When? August 17th, before hitting iTunes on August 22nd.
After a decade in which he only made three films, getting two films in two years from David Cronenberg is surely cause for celebration, and only nine months after premiering "A Dangerous Method" at Venice last year, Cronenberg bowed his Don DeLillo adaptation "Cosmopolis" at Cannes back in May. And for anyone who found last year's effort a little staid and conventional for the director, "Cosmopolis" certainly seems to be more in the director's traditional wheelhouse. Starring lead Robert Pattinson alongside Paul Giamatti, Samantha Morton, Juliette Binoche, Sarah Gadon, Mathieu Amalric, Jay Baruchel and Kevin Durand, among others, it sees the "Twilight" star play a fresh-faced billionaire struck by existential dread as he tries to travel across jam-packed Manhattan in a bid to get his hair cut.

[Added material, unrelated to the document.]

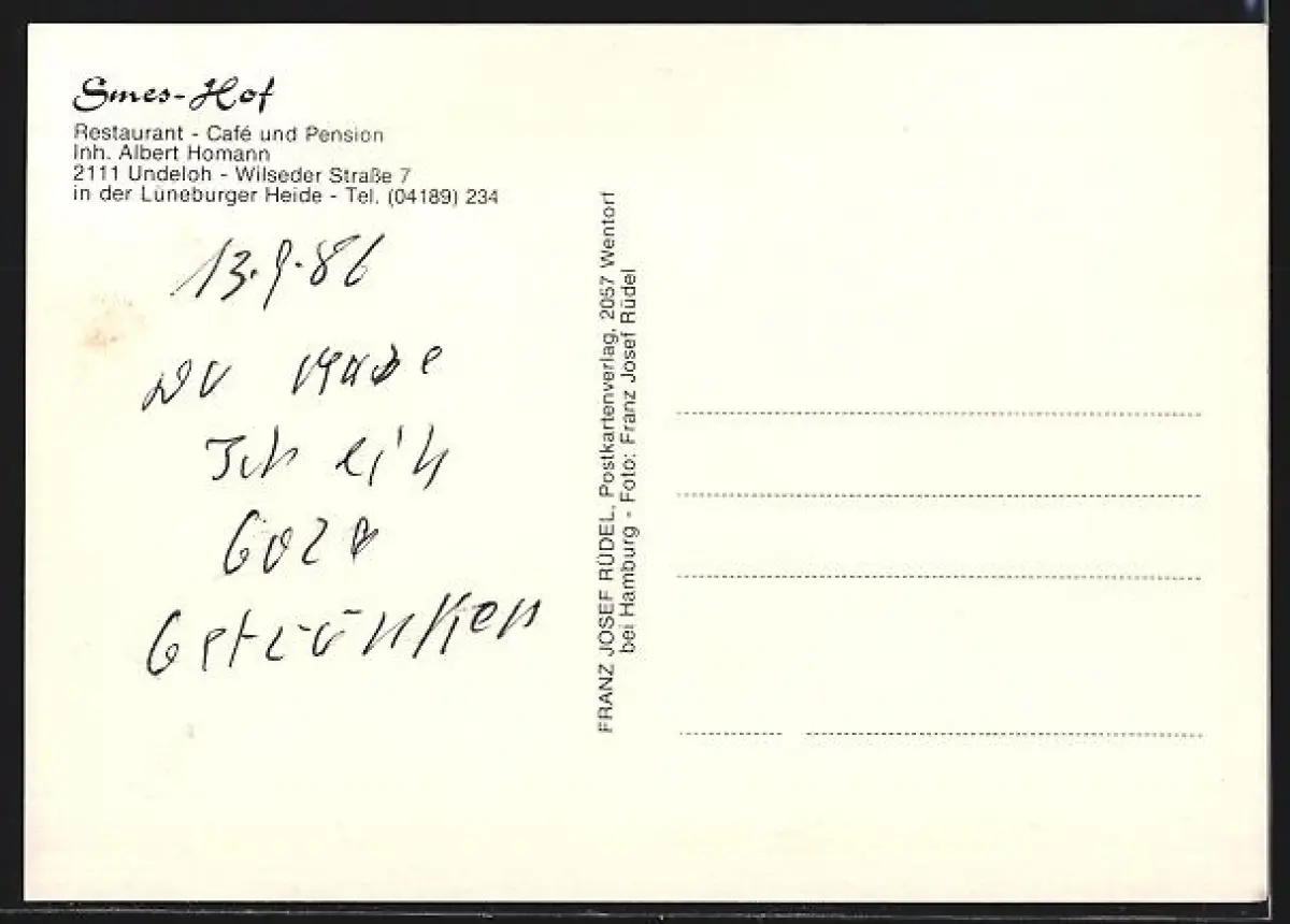 AK Undeloh, Smes-Hof, Restaurant, Café und Pension, Inh. Albert Homann, Wilseder Strasse 7

The film was highly divisive at Cannes, and has continued to cleave opinion elsewhere around the world so far; our man in Cannes adored it, but more than one Playlister has been less than impressed when catching up with the film since. But as ever with Cronenberg, the divisiveness is part of the fun, and it's certainly likely to cause more debate than almost anything else this month.